### EXERCISE BRIEF:
In your copy, include no images and return each entry exactly as written.

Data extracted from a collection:
-------------------------
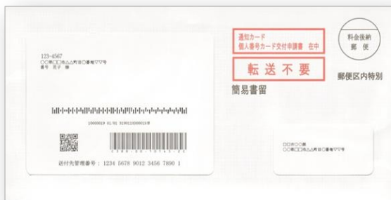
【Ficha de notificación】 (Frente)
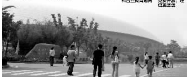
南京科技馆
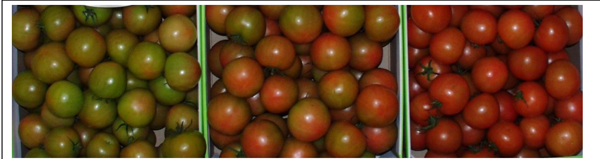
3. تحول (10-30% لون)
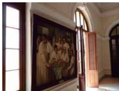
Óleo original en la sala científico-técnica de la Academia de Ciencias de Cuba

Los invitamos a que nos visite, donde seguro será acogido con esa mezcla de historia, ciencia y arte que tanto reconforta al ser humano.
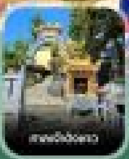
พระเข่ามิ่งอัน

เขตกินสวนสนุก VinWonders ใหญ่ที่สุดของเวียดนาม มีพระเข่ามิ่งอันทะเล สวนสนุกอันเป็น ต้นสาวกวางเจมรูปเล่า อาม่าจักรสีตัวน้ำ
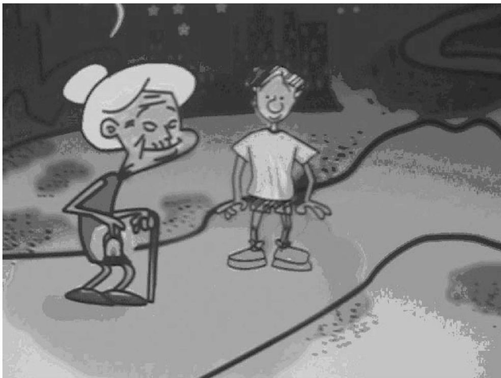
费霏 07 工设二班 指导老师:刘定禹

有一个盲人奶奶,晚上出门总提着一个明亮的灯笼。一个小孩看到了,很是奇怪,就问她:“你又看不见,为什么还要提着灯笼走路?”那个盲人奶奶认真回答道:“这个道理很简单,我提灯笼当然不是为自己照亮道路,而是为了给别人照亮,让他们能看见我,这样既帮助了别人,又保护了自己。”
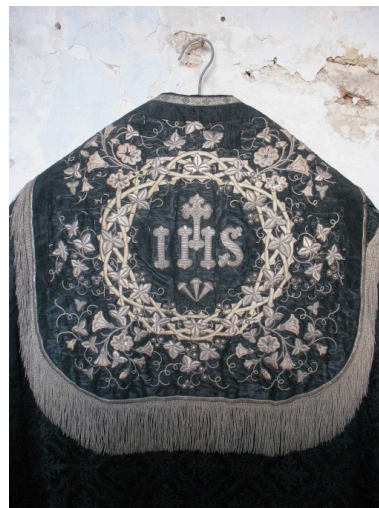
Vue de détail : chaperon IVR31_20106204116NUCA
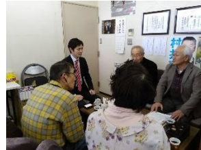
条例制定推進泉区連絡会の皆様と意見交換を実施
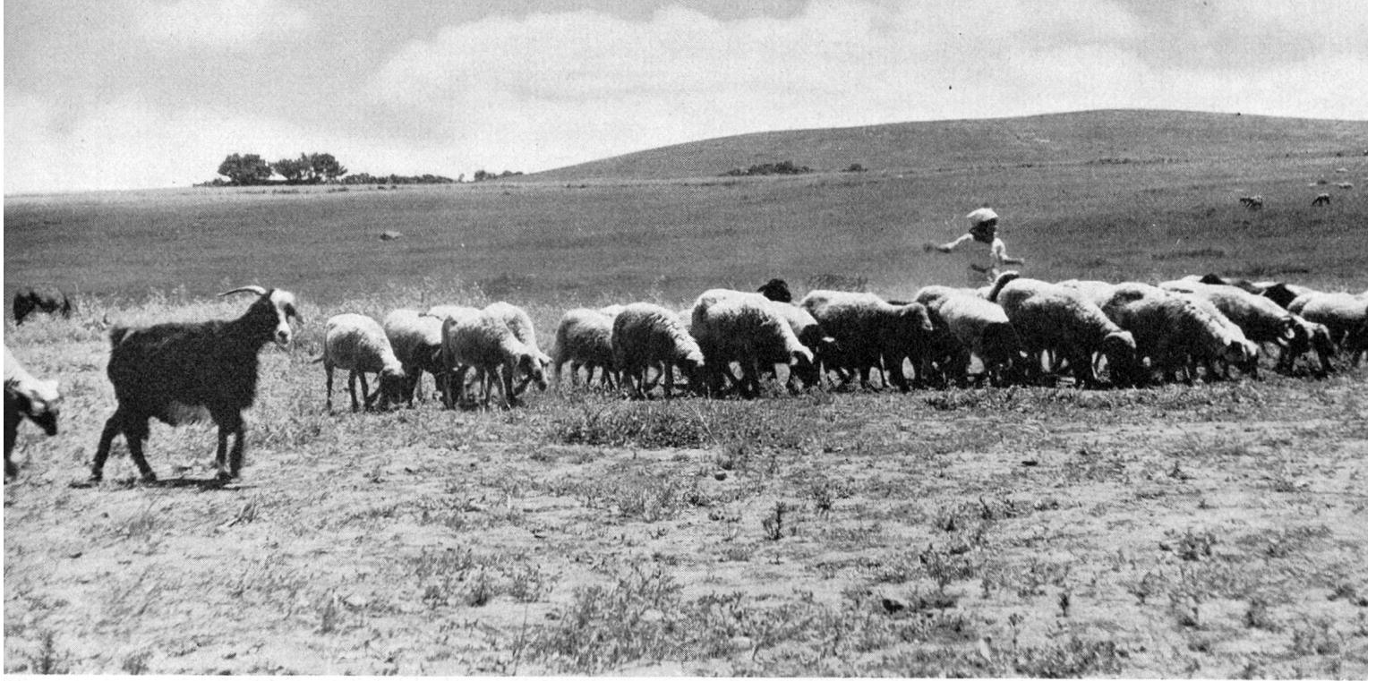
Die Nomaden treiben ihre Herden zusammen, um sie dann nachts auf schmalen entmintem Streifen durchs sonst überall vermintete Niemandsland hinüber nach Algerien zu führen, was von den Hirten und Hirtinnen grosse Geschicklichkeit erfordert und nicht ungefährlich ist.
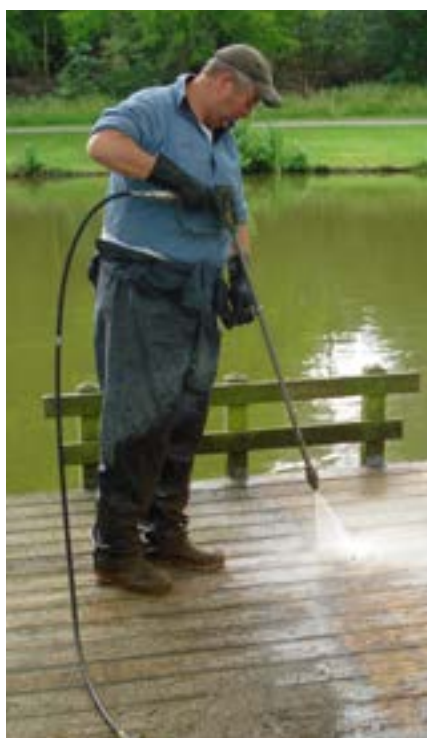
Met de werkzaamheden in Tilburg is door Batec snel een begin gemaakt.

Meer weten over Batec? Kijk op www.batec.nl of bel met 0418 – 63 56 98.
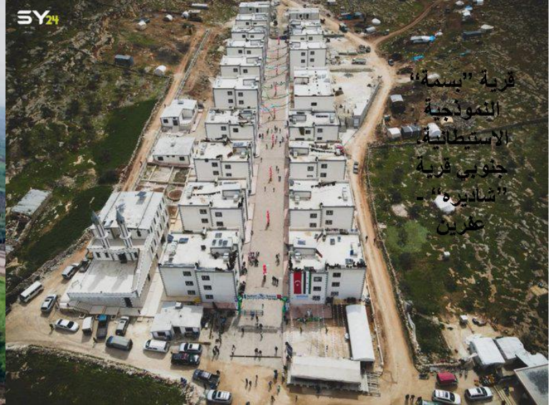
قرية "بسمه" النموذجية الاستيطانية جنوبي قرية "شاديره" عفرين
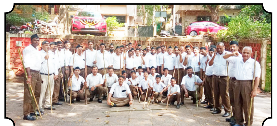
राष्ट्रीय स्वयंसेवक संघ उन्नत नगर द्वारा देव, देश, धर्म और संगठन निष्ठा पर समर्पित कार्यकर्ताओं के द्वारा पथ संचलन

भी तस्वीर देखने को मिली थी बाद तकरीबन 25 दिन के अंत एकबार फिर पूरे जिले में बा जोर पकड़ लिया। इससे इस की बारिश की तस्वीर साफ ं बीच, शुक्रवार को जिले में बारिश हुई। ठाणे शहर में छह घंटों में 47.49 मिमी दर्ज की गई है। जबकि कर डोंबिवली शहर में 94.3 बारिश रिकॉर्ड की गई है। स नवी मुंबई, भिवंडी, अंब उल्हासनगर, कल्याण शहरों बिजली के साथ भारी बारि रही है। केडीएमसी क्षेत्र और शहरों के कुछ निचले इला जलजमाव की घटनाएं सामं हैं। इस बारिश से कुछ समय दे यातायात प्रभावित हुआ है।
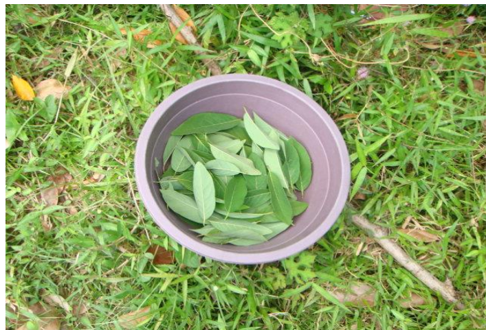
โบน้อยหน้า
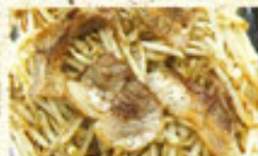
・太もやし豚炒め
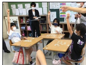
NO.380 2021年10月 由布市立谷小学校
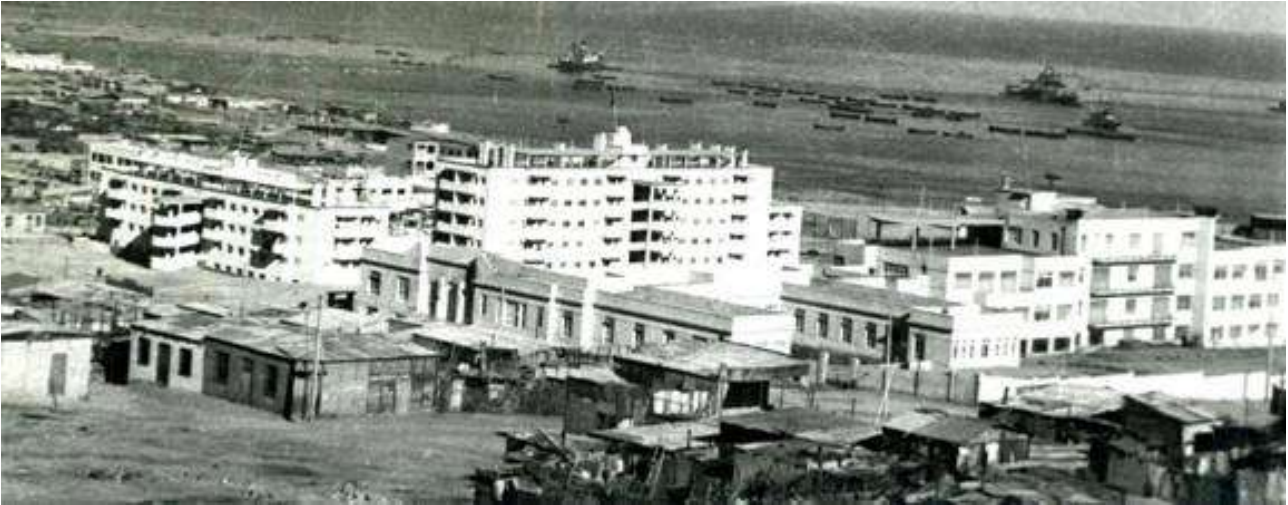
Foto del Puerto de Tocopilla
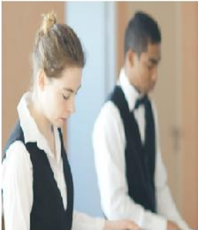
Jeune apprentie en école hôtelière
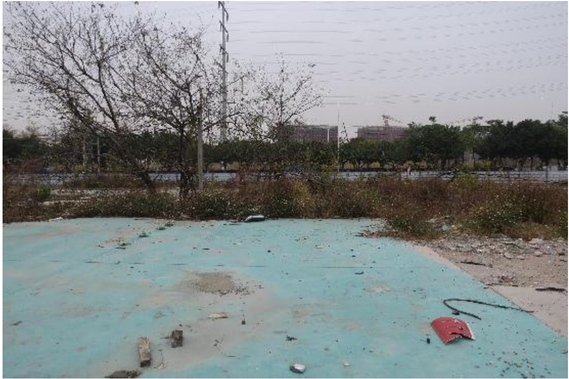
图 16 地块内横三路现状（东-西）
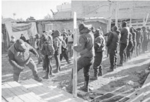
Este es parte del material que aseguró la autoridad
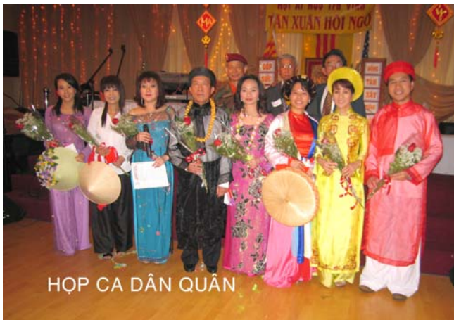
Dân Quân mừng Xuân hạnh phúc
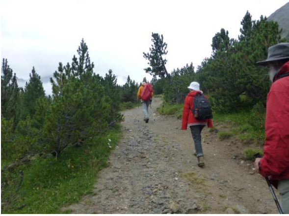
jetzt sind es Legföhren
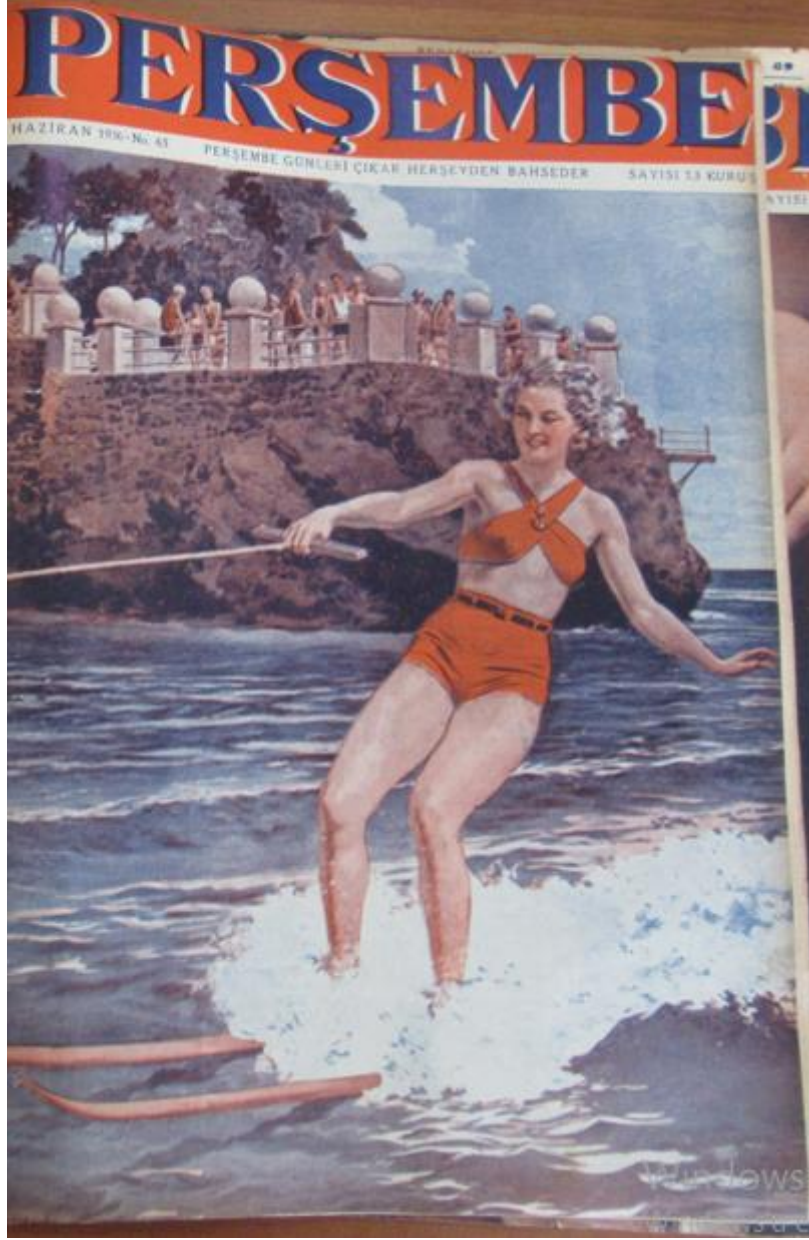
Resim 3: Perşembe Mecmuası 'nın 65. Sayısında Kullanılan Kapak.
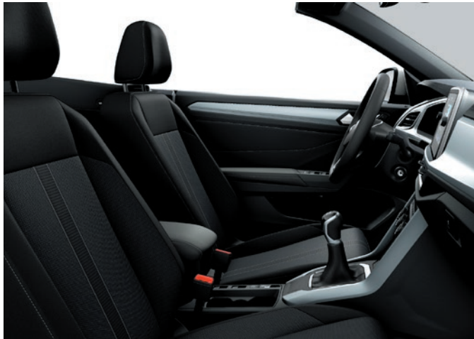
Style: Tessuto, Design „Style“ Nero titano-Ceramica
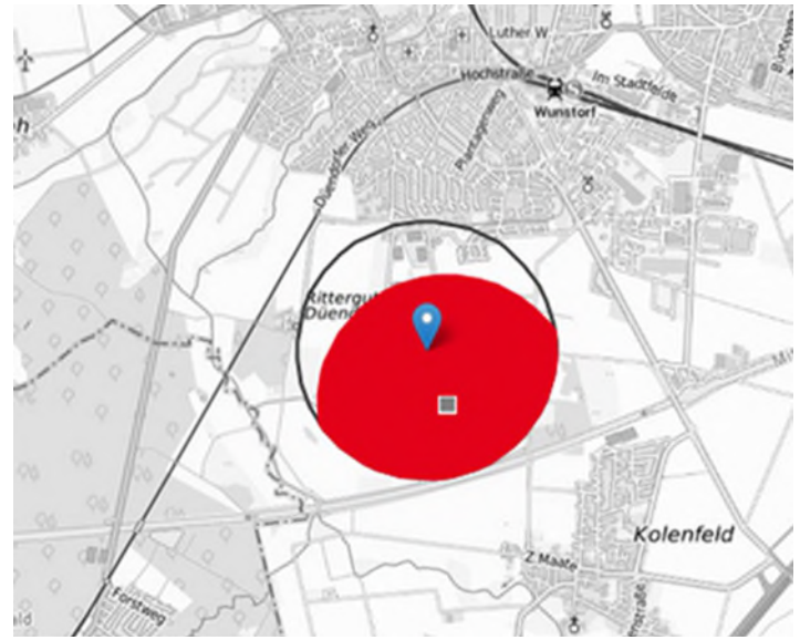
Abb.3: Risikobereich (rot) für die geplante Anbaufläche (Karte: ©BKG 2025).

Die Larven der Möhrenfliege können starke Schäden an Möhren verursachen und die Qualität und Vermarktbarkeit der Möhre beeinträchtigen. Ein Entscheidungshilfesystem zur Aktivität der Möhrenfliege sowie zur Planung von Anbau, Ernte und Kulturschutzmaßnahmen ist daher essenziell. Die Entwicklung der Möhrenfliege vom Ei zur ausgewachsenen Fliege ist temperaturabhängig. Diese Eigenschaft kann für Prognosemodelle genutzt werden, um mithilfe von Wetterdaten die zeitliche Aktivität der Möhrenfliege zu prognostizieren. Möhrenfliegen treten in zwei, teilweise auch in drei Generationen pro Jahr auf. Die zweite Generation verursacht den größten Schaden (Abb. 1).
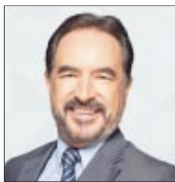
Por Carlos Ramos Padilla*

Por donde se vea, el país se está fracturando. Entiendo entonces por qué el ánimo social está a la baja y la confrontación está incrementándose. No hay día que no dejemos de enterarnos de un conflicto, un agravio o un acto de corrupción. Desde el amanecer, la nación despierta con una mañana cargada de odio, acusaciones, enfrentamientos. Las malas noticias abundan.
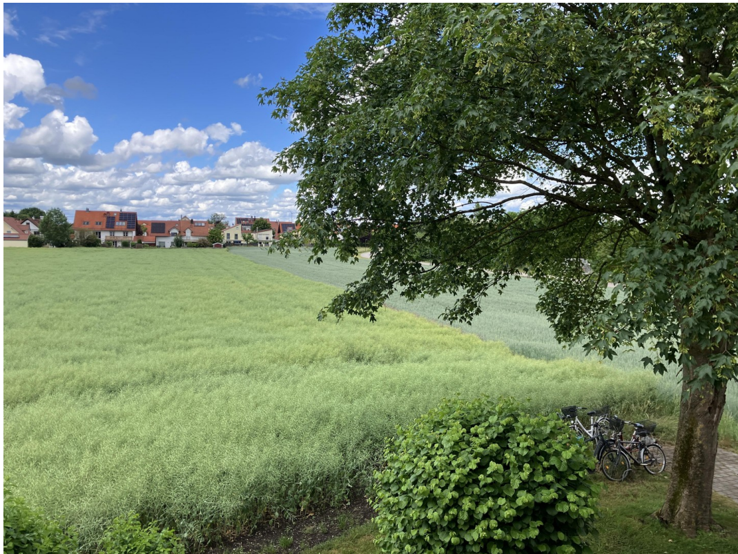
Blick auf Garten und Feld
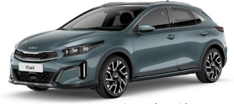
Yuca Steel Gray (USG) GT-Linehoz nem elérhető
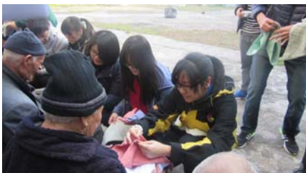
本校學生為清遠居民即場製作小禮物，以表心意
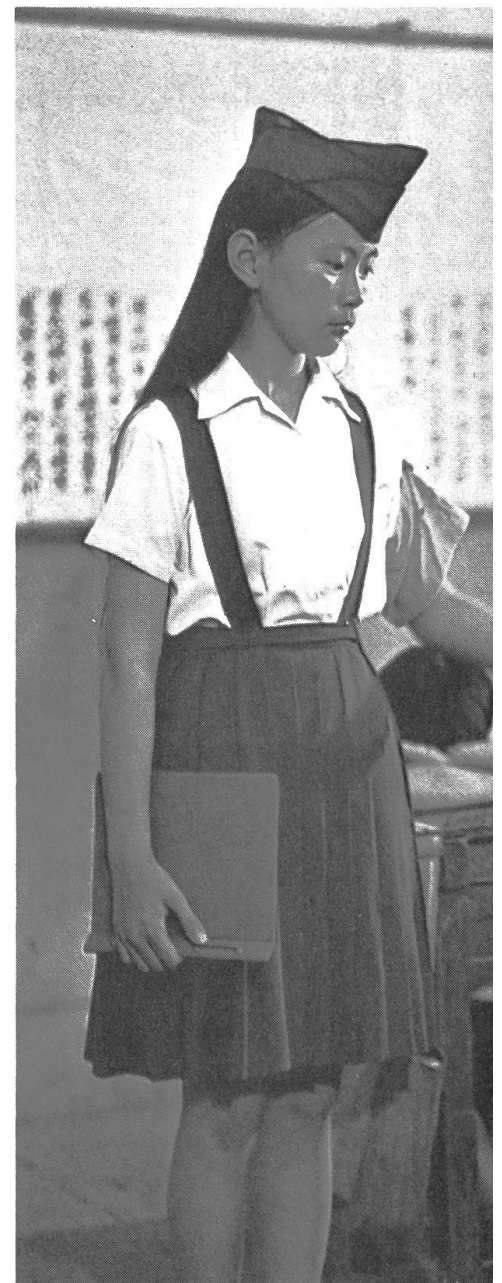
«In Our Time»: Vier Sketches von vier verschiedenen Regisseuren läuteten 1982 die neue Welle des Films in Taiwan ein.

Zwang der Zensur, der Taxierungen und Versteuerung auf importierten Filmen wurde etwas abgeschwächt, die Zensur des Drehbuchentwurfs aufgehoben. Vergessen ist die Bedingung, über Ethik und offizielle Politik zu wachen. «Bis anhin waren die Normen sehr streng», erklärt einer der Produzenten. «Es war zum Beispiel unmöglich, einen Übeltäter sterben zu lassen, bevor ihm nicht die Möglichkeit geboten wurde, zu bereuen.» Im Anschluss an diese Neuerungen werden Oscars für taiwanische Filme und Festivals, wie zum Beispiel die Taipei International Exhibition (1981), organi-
-------------------------
### SOLUTION:
【Ficha de notificación】 (Frente)
南京科技馆
3. تحول (10-30% لون)
Óleo original en la sala científico-técnica de la Academia de Ciencias de Cuba

Los invitamos a que nos visite, donde seguro será acogido con esa mezcla de historia, ciencia y arte que tanto reconforta al ser humano.
พระเข่ามิ่งอัน

เขตกินสวนสนุก VinWonders ใหญ่ที่สุดของเวียดนาม มีพระเข่ามิ่งอันทะเล สวนสนุกอันเป็น ต้นสาวกวางเจมรูปเล่า อาม่าจักรสีตัวน้ำ
费霏 07 工设二班 指导老师:刘定禹

有一个盲人奶奶,晚上出门总提着一个明亮的灯笼。一个小孩看到了,很是奇怪,就问她:“你又看不见,为什么还要提着灯笼走路?”那个盲人奶奶认真回答道:“这个道理很简单,我提灯笼当然不是为自己照亮道路,而是为了给别人照亮,让他们能看见我,这样既帮助了别人,又保护了自己。”
Vue de détail : chaperon IVR31_20106204116NUCA
条例制定推進泉区連絡会の皆様と意見交換を実施
Die Nomaden treiben ihre Herden zusammen, um sie dann nachts auf schmalen entmintem Streifen durchs sonst überall vermintete Niemandsland hinüber nach Algerien zu führen, was von den Hirten und Hirtinnen grosse Geschicklichkeit erfordert und nicht ungefährlich ist.
Met de werkzaamheden in Tilburg is door Batec snel een begin gemaakt.

Meer weten over Batec? Kijk op www.batec.nl of bel met 0418 – 63 56 98.
قرية "بسمه" النموذجية الاستيطانية جنوبي قرية "شاديره" عفرين
राष्ट्रीय स्वयंसेवक संघ उन्नत नगर द्वारा देव, देश, धर्म और संगठन निष्ठा पर समर्पित कार्यकर्ताओं के द्वारा पथ संचलन

भी तस्वीर देखने को मिली थी बाद तकरीबन 25 दिन के अंत एकबार फिर पूरे जिले में बा जोर पकड़ लिया। इससे इस की बारिश की तस्वीर साफ ं बीच, शुक्रवार को जिले में बारिश हुई। ठाणे शहर में छह घंटों में 47.49 मिमी दर्ज की गई है। जबकि कर डोंबिवली शहर में 94.3 बारिश रिकॉर्ड की गई है। स नवी मुंबई, भिवंडी, अंब उल्हासनगर, कल्याण शहरों बिजली के साथ भारी बारि रही है। केडीएमसी क्षेत्र और शहरों के कुछ निचले इला जलजमाव की घटनाएं सामं हैं। इस बारिश से कुछ समय दे यातायात प्रभावित हुआ है।
โบน้อยหน้า
・太もやし豚炒め
NO.380 2021年10月 由布市立谷小学校
Foto del Puerto de Tocopilla
Jeune apprentie en école hôtelière
图 16 地块内横三路现状（东-西）
Este es parte del material que aseguró la autoridad
Dân Quân mừng Xuân hạnh phúc
jetzt sind es Legföhren
Resim 3: Perşembe Mecmuası 'nın 65. Sayısında Kullanılan Kapak.
Style: Tessuto, Design „Style“ Nero titano-Ceramica
Abb.3: Risikobereich (rot) für die geplante Anbaufläche (Karte: ©BKG 2025).

Die Larven der Möhrenfliege können starke Schäden an Möhren verursachen und die Qualität und Vermarktbarkeit der Möhre beeinträchtigen. Ein Entscheidungshilfesystem zur Aktivität der Möhrenfliege sowie zur Planung von Anbau, Ernte und Kulturschutzmaßnahmen ist daher essenziell. Die Entwicklung der Möhrenfliege vom Ei zur ausgewachsenen Fliege ist temperaturabhängig. Diese Eigenschaft kann für Prognosemodelle genutzt werden, um mithilfe von Wetterdaten die zeitliche Aktivität der Möhrenfliege zu prognostizieren. Möhrenfliegen treten in zwei, teilweise auch in drei Generationen pro Jahr auf. Die zweite Generation verursacht den größten Schaden (Abb. 1).
Por Carlos Ramos Padilla*

Por donde se vea, el país se está fracturando. Entiendo entonces por qué el ánimo social está a la baja y la confrontación está incrementándose. No hay día que no dejemos de enterarnos de un conflicto, un agravio o un acto de corrupción. Desde el amanecer, la nación despierta con una mañana cargada de odio, acusaciones, enfrentamientos. Las malas noticias abundan.
Blick auf Garten und Feld
Yuca Steel Gray (USG) GT-Linehoz nem elérhető
本校學生為清遠居民即場製作小禮物，以表心意
«In Our Time»: Vier Sketches von vier verschiedenen Regisseuren läuteten 1982 die neue Welle des Films in Taiwan ein.

Zwang der Zensur, der Taxierungen und Versteuerung auf importierten Filmen wurde etwas abgeschwächt, die Zensur des Drehbuchentwurfs aufgehoben. Vergessen ist die Bedingung, über Ethik und offizielle Politik zu wachen. «Bis anhin waren die Normen sehr streng», erklärt einer der Produzenten. «Es war zum Beispiel unmöglich, einen Übeltäter sterben zu lassen, bevor ihm nicht die Möglichkeit geboten wurde, zu bereuen.» Im Anschluss an diese Neuerungen werden Oscars für taiwanische Filme und Festivals, wie zum Beispiel die Taipei International Exhibition (1981), organi-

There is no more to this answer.